With that said… the problems that it has solved do seem to be somewhat exhaustive search flavored. For instance it apparently solved an open math problem, but this involved arranging a bunch of spheres. I’m not sure to what degree LLM insight was required beyond just throwing a massive amount of compute at trying possibilities. The self-improvements GDM reports are similar—like faster matrix multiplication in I think the 4x4 case. I do not know enough about these areas to judge whether AI is essential here or whether a vigorous proof search would work. At the very least, the system does seem to specialize in problems with highly verifiable solutions. I am convinced, but not completely convinced.
Also, for the last couple of months whenever I’ve asked why LLMs haven’t produced novel insights, I’ve often gotten the response “no one is just letting them run long enough to try.” Apparently GDM did try it (as I expected) and it seems to have worked somewhat well (as I did not expect).
Heads up: I am not an AI researcher or even an academic, just someone who keeps up with AI
But I do have quick thoughts as well;
Kernel optimization (which they claim is what resulted in the 1% decrease in training time) is something we know AI models are great at (see RE-Bench and the multiple arXiv papers on the matter, including from DeepSeek).

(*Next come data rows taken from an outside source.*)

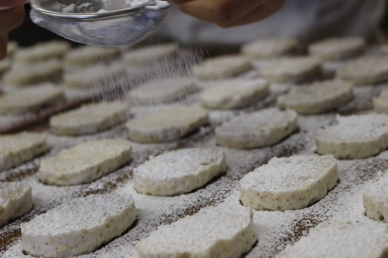 二度に分けて粉糖を振ることで、表面に糖の「膜」が形成され、サクッとした食感が生まれるのです。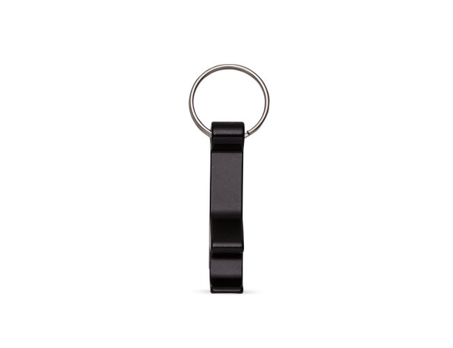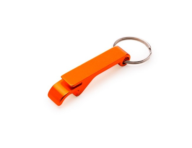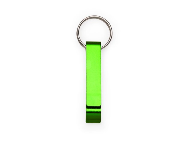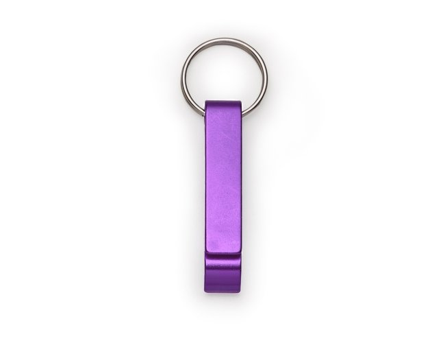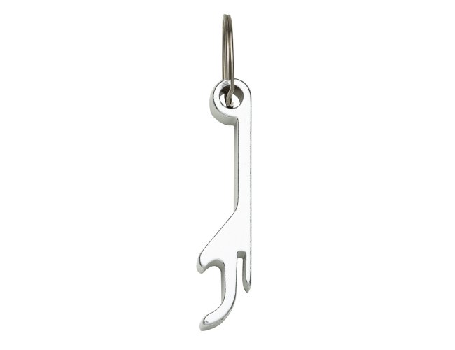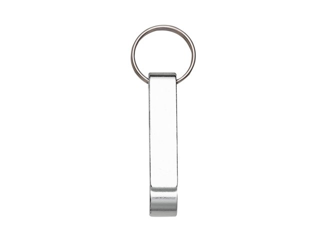 Chaveiro metálico com abridor de garrafas e argola de ferro niquelado.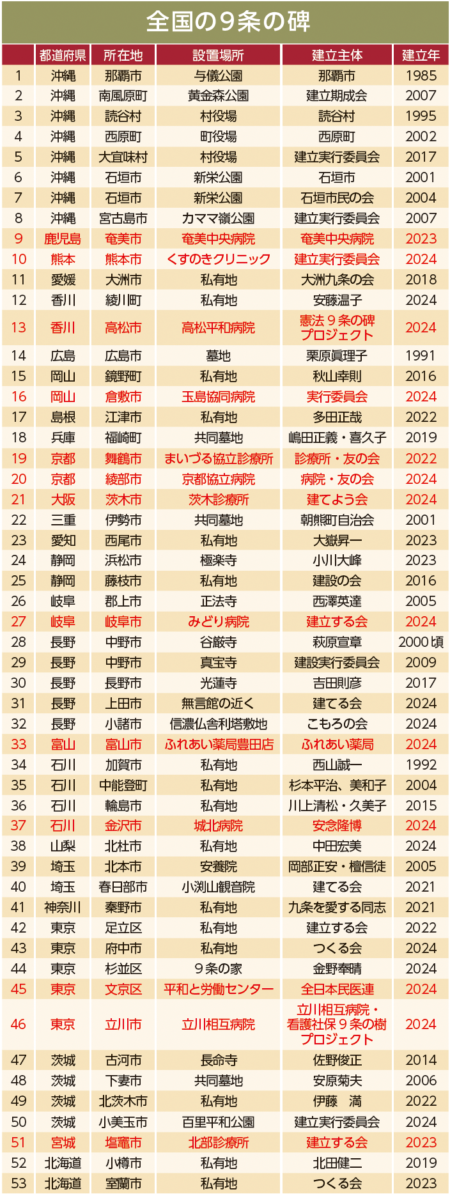 最近は9条の碑の建立ラッシュだ。全日本民医連が創立70周年(2023年)の記念事業として後押ししたこともあり、昨年できた17基のうち10基が民医連と共同組織が中心になって建てた(表)。民医連関係の碑は22年以降だけで13基完成し、誌面で紹介してきた(今号32ページにも掲載)。
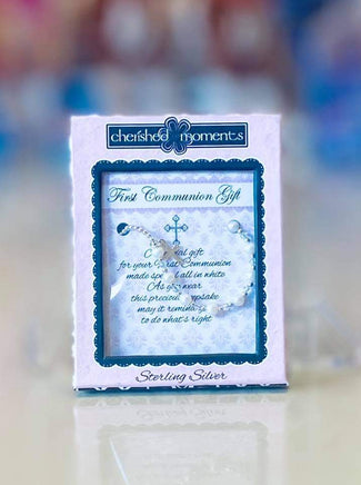 This beautiful sterling silver and freshwater pearl rosary bracelet features a classic silver cross presented with a sweet little poem for her First Communion. Perfect Gift for First Communion! Bracelet measures 6 - 6.5"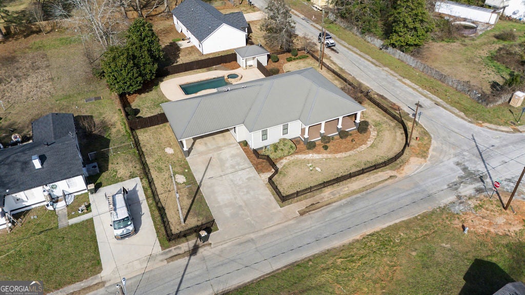 Absolutely spectacular Restoration by James Hamlett of this 1910 true Craftsman home. This home abounds with high quality sourced materials, craftsmanship and finishes true to the the original build date of this home, PLUS features additional modern day luxury. The exterior wood siding and interior wood flooring are original to the home. Inside, the home restoration was taken down to the studs. Highlights include: Metal Roof, Pella Wood Windows, Spray foam exterior walls and ceilings, Attic floored in back half of home, On Demand Water Heater, Back Up Generator, Plantation Shutters, Heated Electric flooring in Master Bath, Integrated Appliances, Pool and Hot Tub with Kool Decking and a Pool House (heated by Propane), Custom Cabinetry/Built Ins and Trim Work, Rejuvenation Hardware, Kohler Plumbing Fixtures. The home is spacious with an open flow, tall ceilings and wonderful natural light. There are 2 bedrooms. The master bedroom has pocket doors and 2 closets- both with built-ins, and 1 is a walk in. The master bathroom has heated tile flooring - perfect to get ready for your day on this brisk Georgia weather. There is a spacious tiled shower, separate toilet, his/her sinks and a linen closet. The guest bedroom doubles as an office with built in desk and shelving. If you really enjoy cooking and/or entertaining, the kitchen would make a professional chef proud. Subzero integrated appliances (dishwasher is Bosch), new LED undermount lighting, kitchen sink water filter, new disposal, concrete tops newly resealed, custom cabinetry and tile backsplash. There is a dry bar as well off of the dining area. Wonderful lighting streams through the windows from the backyard and when you open up the plantation shutters, you have a clear view of the private pool/hot tub area. There is a new wood deck off of the back door leading you onto Kool Decking that surrounds the chlorinated pool and hot tub. The pool house matches the home and has a brand new hot tub heater. All of the fencing has new stain, the exterior has new paint. This home is an absolute work of art and a true must see for those looking for quality and style in a small charming town. No need to jump in the car - a short stroll leads you to downtown with various dining options, a meat house for local fresh meats/dishes, drugstore, banking, and post office. There is also a small park with walking trail and gazebo. Downtown has been receiving its own facelift recently. Within a mile or 2 of this home, Ingles grocery store, car wash, Dollar General. 50 min drive to Newnan, Peachtree City or Griffin. Enjoy life without the hustle and bustle on your doorstep! High speed internet within City of Woodbury. Be sure to check out the Zillow 3D tour in the listing! The master bathroom photos that have the free standing tub are for example purposes if interested in adding a tub.

It seems to me like AlphaEvolve is more-or-less an improvement over previous models that also claimed to make novel algorithmic and mathematical discoveries (FunSearch, AlphaTensor) notably by using better base Gemini models and a better agentic framework. We also know that AI models already contribute to the improvement of AI hardware. What AlphaEvolve seems to do is to unify all of that into a superhuman model for those multiple uses. In the accompanying podcast they give us some further information:
The rate of improvement is still moderate, and the process still takes months. They phrase it as an interesting and promising area of progress for the future, not as a current large improvement.
They have not tried to distill all that data into a new model yet, which seems strange to me considering they’ve had it for a year now.
They say that a lot of improvements come from the base model’s quality.
They do present the whole thing as part of research rather than a product
So yeah I can definitely see a path for large gains in the future, thought for now those are still on similar timetables as per their own admission. They expect further improvements when base models improve and are hoping that future versions of AlphaEvolve can in turn shorten the training time for models, the hardware pipeline, and improve models in other ways. And for your point about novel discoveries, previous Alpha models seemed to already be able to do the same categories of research back in 2023, on mathematics and algorithmic optimization. We need more knowledgeable people to weight in, especially to compare with previous models of the same classification.
This is also a very small thing to keep in mind, but GDM models don’t often share the actual results of their models’ work as usable/replicable papers, which has caused experts to cast some doubts on results in the past. It’s hard to verify their results, since they’ll be keeping them close to their chests.